Hint: The rate of diffusion of a gas is inversely proportional to the square root of molecular mass of the gas. This law is known as Graham’s law. Find the answer by using the expression for this law given by \[\dfrac{{{r}_{1}}}{{{r}_{2}}}=\sqrt{\dfrac{{{M}_{2}}}{{{M}_{1}}}}\]

Complete answer:
We have come across the chapters of chemistry which tells about the basic physical chemistry concept that includes some of the laws given for the reactions in solutions.
We shall see Graham’s law in detail to deduce the correct answer.

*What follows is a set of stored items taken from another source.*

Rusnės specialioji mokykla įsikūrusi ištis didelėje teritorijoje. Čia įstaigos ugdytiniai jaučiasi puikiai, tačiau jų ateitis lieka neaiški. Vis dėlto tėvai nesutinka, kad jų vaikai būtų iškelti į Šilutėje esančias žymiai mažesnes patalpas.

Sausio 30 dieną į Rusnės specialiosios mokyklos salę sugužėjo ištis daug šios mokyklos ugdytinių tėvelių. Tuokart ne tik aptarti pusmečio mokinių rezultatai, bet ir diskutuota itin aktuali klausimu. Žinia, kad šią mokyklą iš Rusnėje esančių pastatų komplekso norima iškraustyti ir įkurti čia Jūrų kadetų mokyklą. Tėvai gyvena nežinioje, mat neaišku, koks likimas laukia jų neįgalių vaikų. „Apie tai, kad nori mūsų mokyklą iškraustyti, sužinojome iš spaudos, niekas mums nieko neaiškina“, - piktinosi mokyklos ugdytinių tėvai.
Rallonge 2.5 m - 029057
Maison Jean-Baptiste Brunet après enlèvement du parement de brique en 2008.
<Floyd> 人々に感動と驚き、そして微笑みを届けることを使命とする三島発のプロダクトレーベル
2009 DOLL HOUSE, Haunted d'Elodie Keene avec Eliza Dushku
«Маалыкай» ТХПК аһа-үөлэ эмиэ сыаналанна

- Graham’s law states that ‘The rate of diffusion of a gas is inversely proportional to the square root of molecular mass of the gas’.
- Diffusion is the gradual mixing of gases due to the motion of the component particles of the gas even in the absence of mechanical agitation such as stirring. The resultant mixture is a uniform mixture.

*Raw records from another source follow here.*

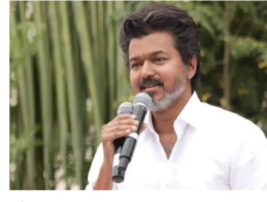
అంతేకాకుండా నటుడిగా విజయ్ కర్ణాటక వ్యాప్తంగా, ముఖ్యంగా బెంగళూరులో భారీ సంఖ్యలో అభిమాన సంఘాలు, బలమైన ఫాలోయింగ్ ఉంది. ఇటీవల తమిళనాడు ఎన్నికల్లో డీవీకే సాధించిన చారిత్రాత్మక విజయాన్ని బెంగళూరులోని విజయ్

న్యూఢిల్లీ 24వే (మహాప్రభ): తమిళనాడు అసెంబ్లీ ఎన్నికల్లో ప్రభంజనం సృష్టించి అధికార పక్షం చేపట్టిన ప్రముఖ నటుడు, తమిళనాడు ముఖ్యమంత్రి విజయ్ ఇప్పుడు పొరుగు రాష్ట్రాలపై దృష్టి సారించారా..? ముందుగా కర్ణాటక రాజకీయాల్లో ఎంట్రీ ఇవ్వబోతున్నారా..? తన పార్టీ డీవీకే విస్తరణలో భాగంగా ఆయన త్వరలో జరగబోయే బెంగళూరు మున్సిపల్ కార్పొరేషన్ (డీవీపీ) ఎన్నికల్లో పోటీ చేయాలని నిర్ణయించుకున్నారా..? ఈ ప్రశ్నలన్నింటికీ తమిళనాడులోని డీవీకే వర్గాలు అవుసరనే సమాధానం చెబుతున్నాయి. కర్ణాటకలో పార్టీ బెండా పాతాలని విజయ్ గట్టి సంకల్పంతో ఉన్నట్లు ఆయన పార్టీ వర్గాలు అంటున్నాయి. ఐటీ హాట్ అయిన బెంగళూరు నగరంలో స్థానిక కన్నడిగులతో పాటు లక్షలాది మంది తమిళ ప్రజలు దశాబ్దాలుగా నివసిస్తున్నారు.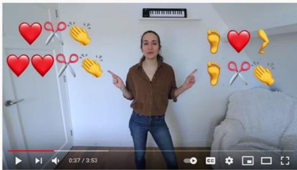
Bodypercussie met EMOJI'S!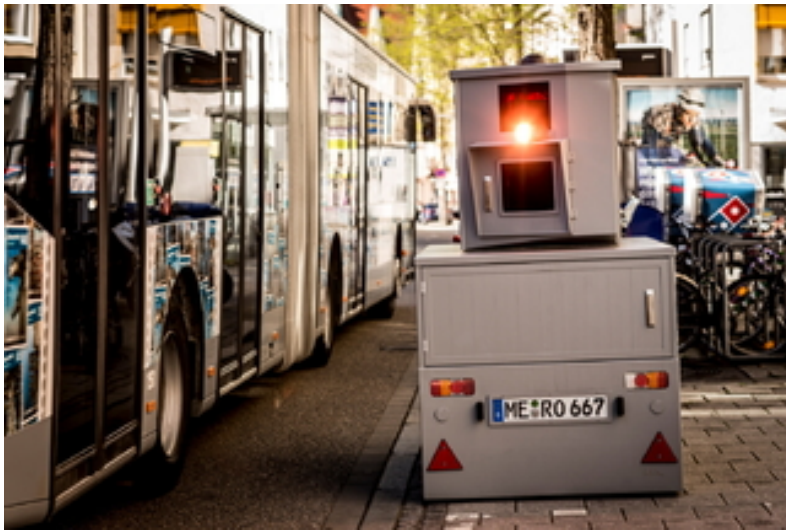
Ulm Stadt: Mobiler Blitzer in der Frauenstraße ist...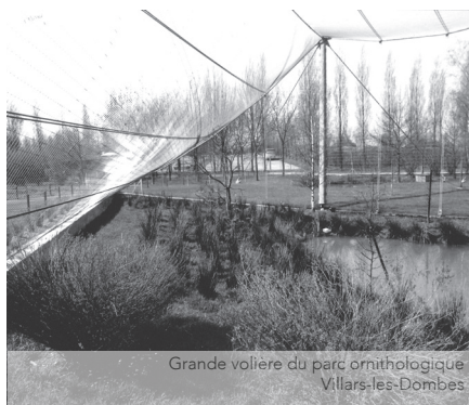
Grande volière du parc ornithologique Villars-les-Dombes

Marc Dosse et Pierre Dosse sont deux architectes qui, successivement mais aussi en tant qu'associés pendant une vingtaine d'années, ont construit bon nombre des bâtiments qui comptent à Bourg-en-Bresse et dans l'Ain, parfois au-delà, lorsqu'ils s'aventurent sur les grands espaces de la société des loisirs pour construire des villages de vacances.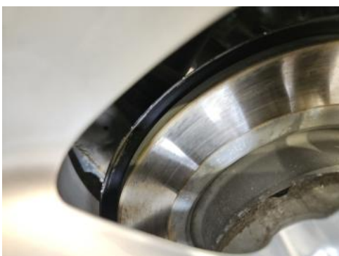
Fot. 31 Tarcza hamulcowa tylna lewa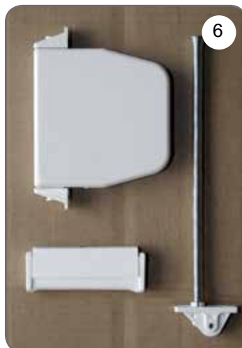
Zwijacz na linkę, prowadnica linki, uchwyt linki [6].

- Graham law of diffusion in general can be stated as the rate of diffusion or effusion of two gases is equal to the square root of the inverse ratio of their molar masses.
- The relationship is based on the postulate that all gases at the same temperature have the same average kinetic energy. The mathematical representation of the law is:
\[\dfrac{{{r}_{1}}}{{{r}_{2}}}=\sqrt{\dfrac{{{M}_{2}}}{{{M}_{1}}}}\]
where, ${{r}_{1}}$ and ${{r}_{2}}$ are the rate of effusion for gas 1 and 2 respectively.
${{M}_{1}}$ and ${{M}_{2}}$ are the molar mass of gas 1 and 2 respectively.
As in the question, same amount of gas is diffused, therefore we can directly consider rate of diffusion to be inversely proportional to the time taken, thus the equation can be rewritten as,
\[\dfrac{{{t}_{1}}}{{{t}_{2}}}=\sqrt{\dfrac{{{M}_{2}}}{{{M}_{1}}}}\]
Now, checking options,
a) ${{H}_{2}}$, 2.5 sec
Now, substituting the values in the equation, \[\dfrac{{{t}_{1}}}{{{t}_{2}}}=\sqrt{\dfrac{{{M}_{2}}}{{{M}_{1}}}}\], we have
$\dfrac{10}{2.5}=\sqrt{\dfrac{32}{2}}$
$\Rightarrow 4=4$
Thus, this is correct answer
b) $S{{O}_{2}}$ , 16 sec
Substituting the values in the same equation we have,
$\dfrac{10}{16}=\sqrt{\dfrac{32}{64}}$
$\Rightarrow 0.625=0.707$
Thus, they are not equal and this option is ruled out.
c) CO, 10 sec
Applying the formula,
$\dfrac{10}{10}=\sqrt{\dfrac{32}{28}}$
$\Rightarrow 1=1.069$
Thus, they are not equal and this option is also ruled out.
d) He, 4 sec
Applying the formula,
$\dfrac{10}{4}=\sqrt{\dfrac{32}{4}}$
$\Rightarrow 2.5=2.82$
Thus, this option is also ruled out.

Hence, (A) is the correct answer.

Note:
A student must note that if the volume of the gases diffused isn't the same, then the rate of diffusion isn’t directly equal to the inverse of time taken. In that case, the rate of diffusion is equal to the amount of gas diffused divided by the time taken.